In the listing that follows, find the line with "KARACA - كاراچا", then copy exactly from it through the line with "Helsenorge. (2018). Viktig", leaving out every picture.
Start of Block
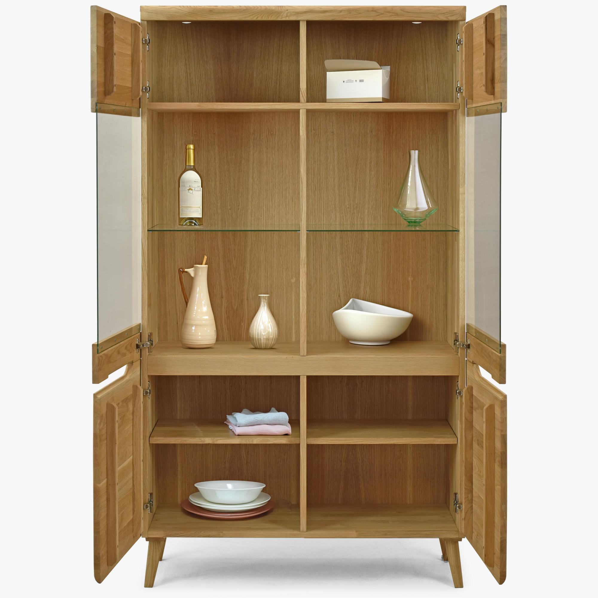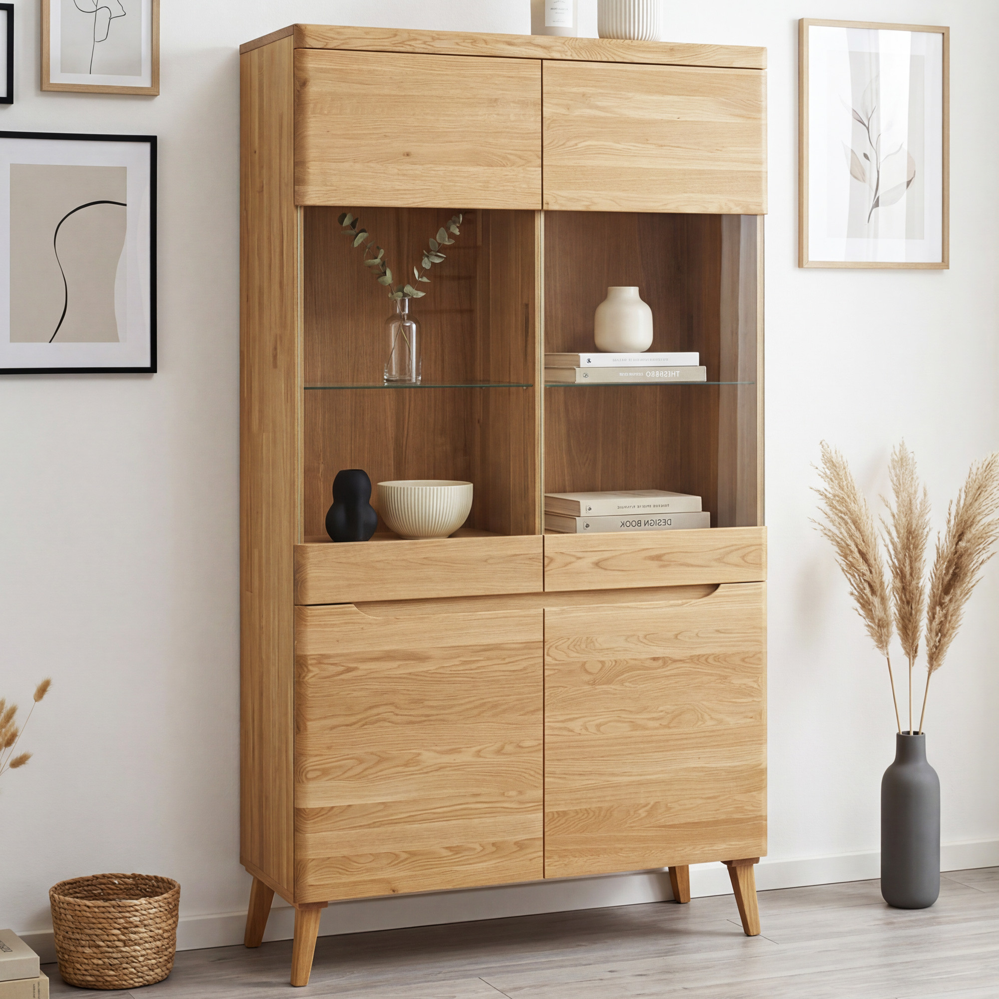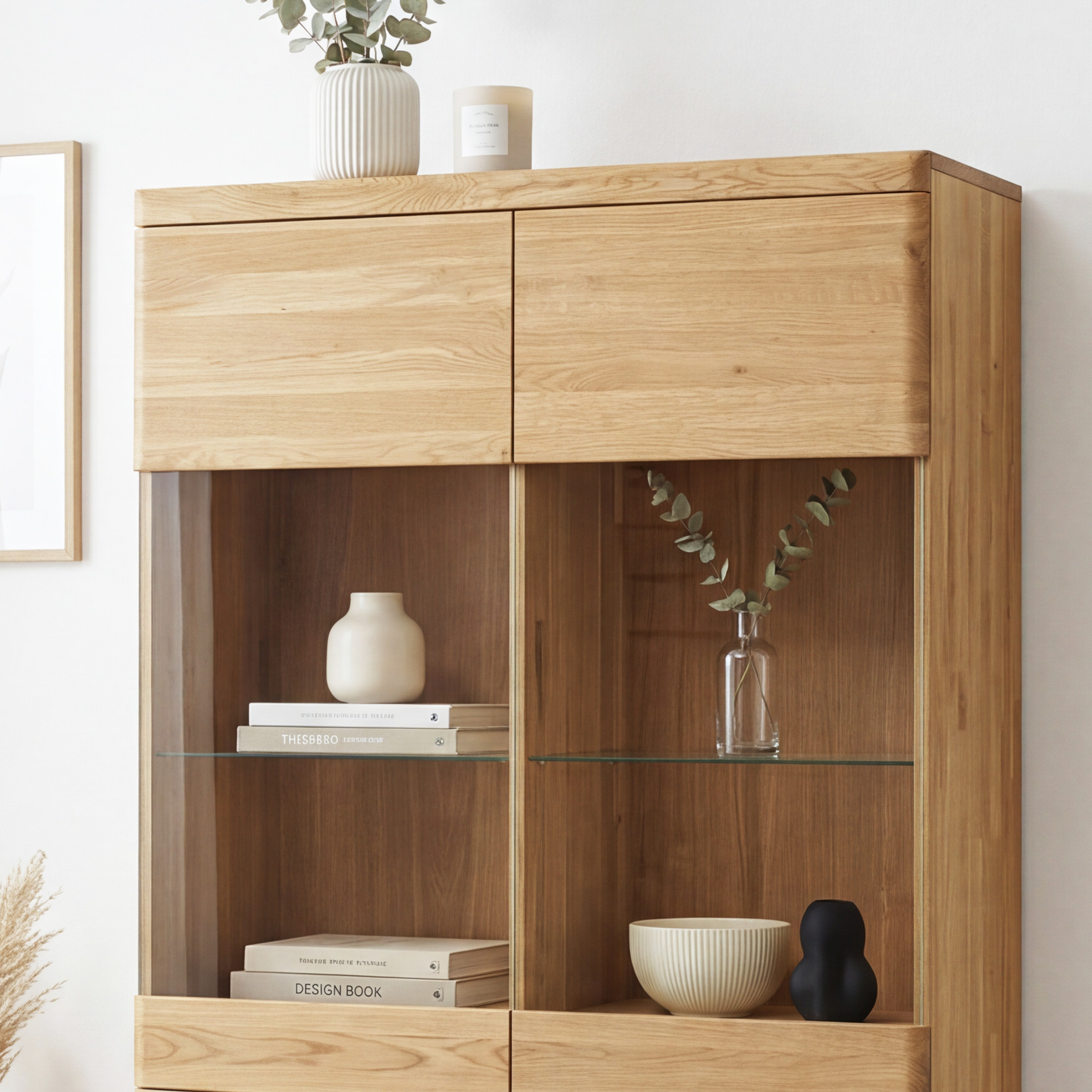 Tömör tölgyfa kétszárnyú vitrin természetes tölgy színben, 107x197 cm
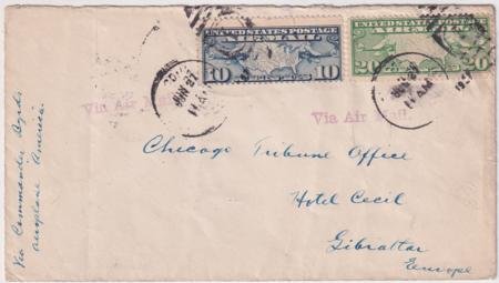 US 1927 Cover sent Air Mail via Comm. Byrd’s Aeroplane “America”
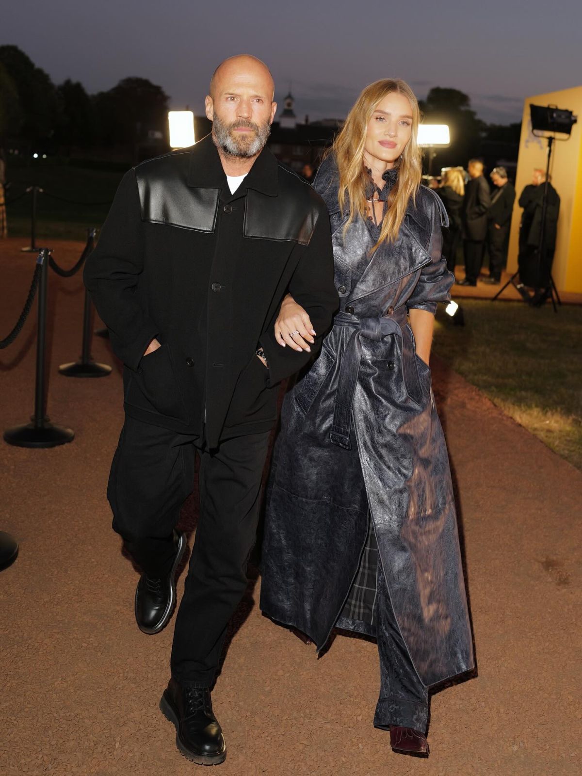 حرص النجم جيسون ستاثام على حضور عرض أزياء دار بربري، واختار إطلالة أنيقة من سترة شتوية ثقيلة باللون الأسود ع سروال من نفس اللون.
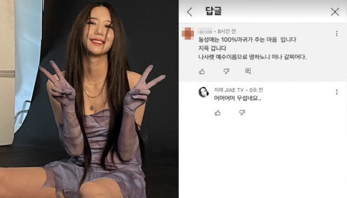 8일 지애는 자신의 계정에 한 네티즌이 "동성애는 100% 마귀가 주는 마음 입니다. 지옥 갑니다. 나사렛 예수 이름으로 명하노니 떠나 갈찌어다"라는 댓글을 남겼다.
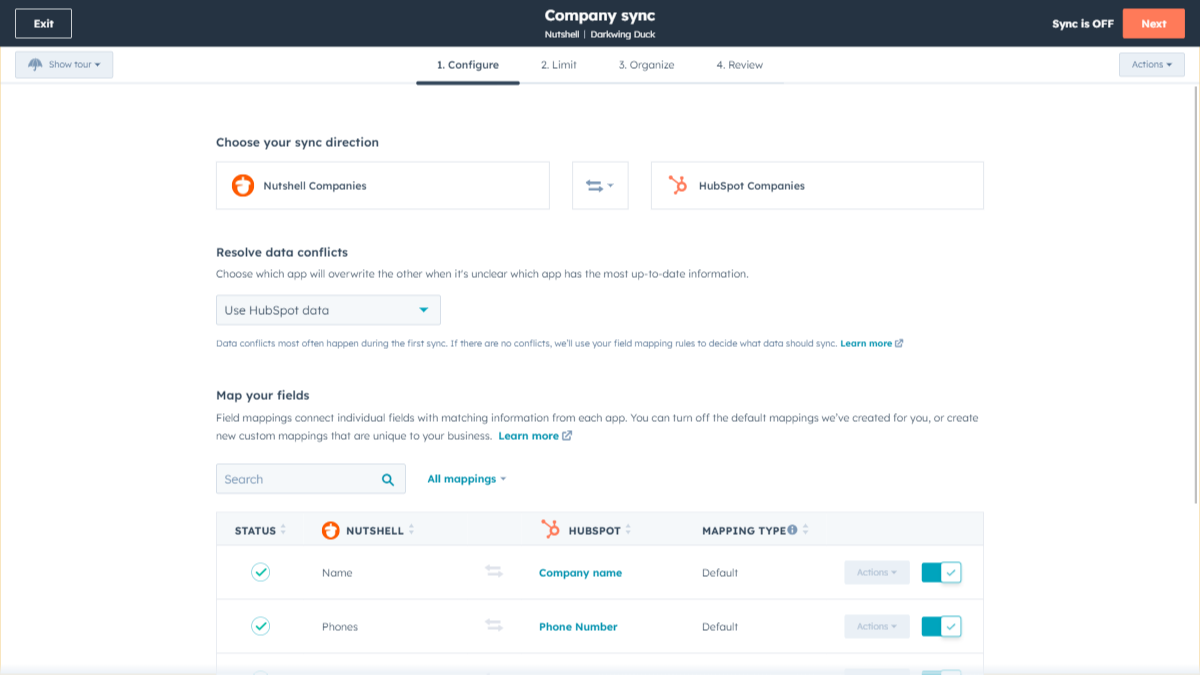 - Two-way sync: Data is shared between Nutshell and HubSpot in real time
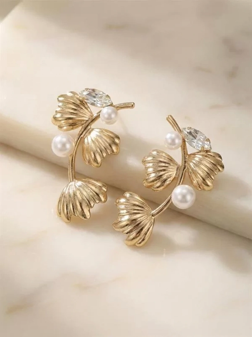 Metal Yaprak Küpe - Altın
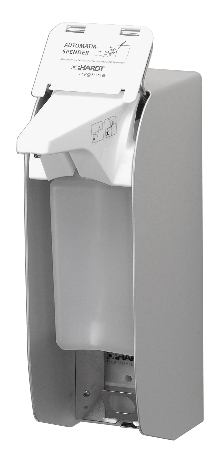 Stabil und formschön. Dieser Wandspender mit komfortabler Sensortechnologie besteht aus unverwüstlichem Aluminium und arbeitet batteriebetreiben. Die Dosierung der Pumpe ist einstellbar mit ca. 0,75 / 1,0 / 1,2 und 1,5 ml pro Hub. Für die berührungslose Entnahme von Desinfektionsmittel und Flüssigseife. Für bessere Übersicht kann der Inhalt mit beiliegenden Clips gekennzeichnet werden. Ein manueller Notbedienhebel gewährleistet die Entnahme auch bei Stromausfall. Für 500 ml-Euroflaschen geeignet, Pumpenwechsel durch Frontentnahme, Edelstahlpumpe (autoklavierbar bei 134 °C) und Leerflasche sind enthalten.
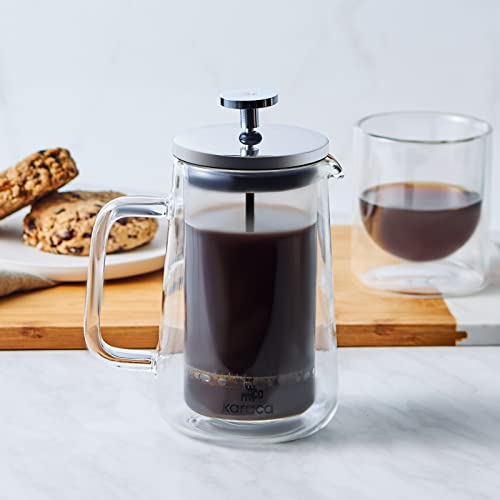 KARACA - كاراچا |ماكينة تحضير القهوة الفرنسية المخروطية المعدنية من كاراكا بيا، 350 ملليلتر، الزجاج البورسليكات
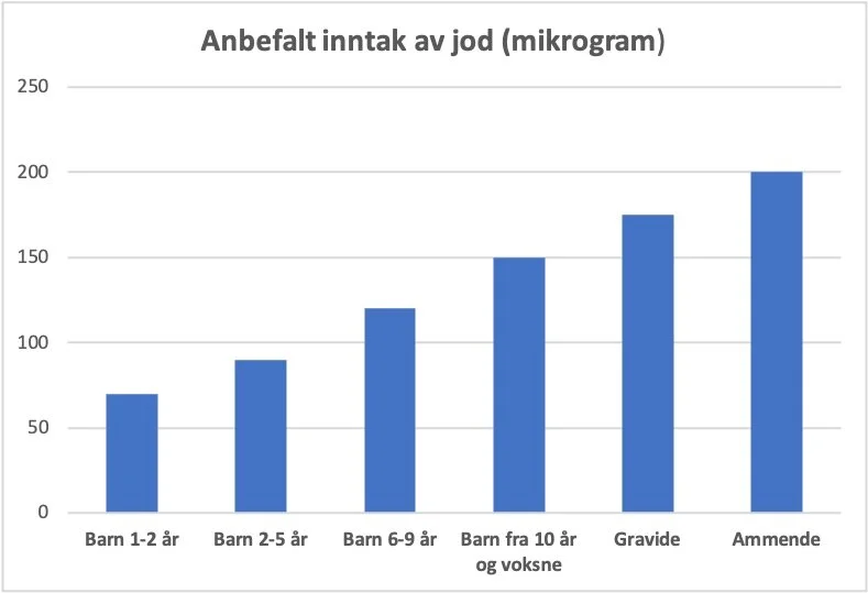 Helsenorge. (2018). Viktig å få nok jod. Hentet 15. juni 2021 fra https://www.helsenorge.no/kosthold-og-ernaring/sma-grep-for-et-sunt-kosthold/derfor-trenger-vi-jod/
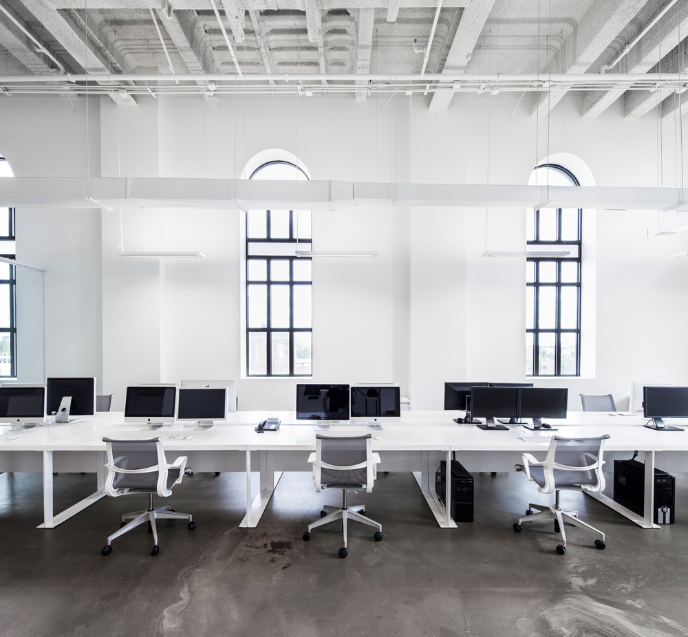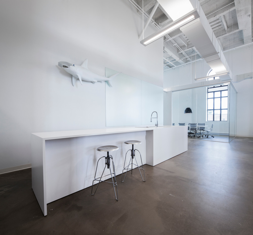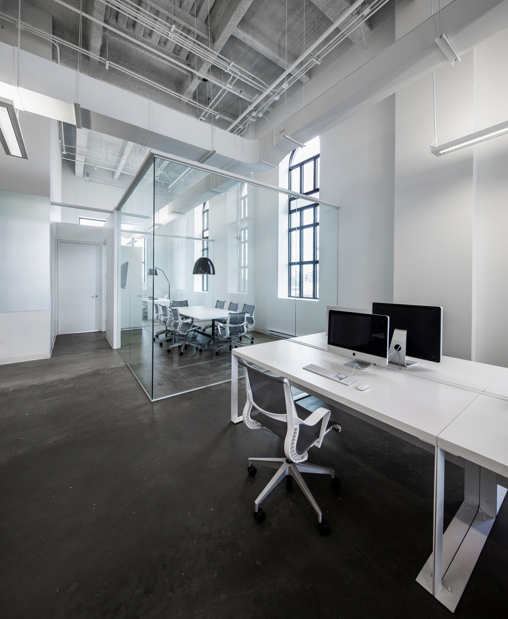 The principal concept was to wield expansive zones of living space in correspondence with the towering 30 ft. ceilings. The conference room is enveloped with high glass panels, thus allowing the box to float subtly into the space while conserving acoustic privacy. This room is the visual extension of the 36 ft. custom-designed communal table, the principal place of assembly for the office. Adjacent to this area, a row of semi-private administrative offices is divided by a rhythm of white vertical panels. The laboratory-like kitchen space is expressed as a long rectangular object set in place. Finally, the lounge is the spatial epicenter of the office, an informal congregation area where the work zones converge.
End of Block
- [RESPONSE FOR THIS EXERCISE]:
 KARACA - كاراچا |ماكينة تحضير القهوة الفرنسية المخروطية المعدنية من كاراكا بيا، 350 ملليلتر، الزجاج البورسليكات
 Helsenorge. (2018). Viktig å få nok jod. Hentet 15. juni 2021 fra https://www.helsenorge.no/kosthold-og-ernaring/sma-grep-for-et-sunt-kosthold/derfor-trenger-vi-jod/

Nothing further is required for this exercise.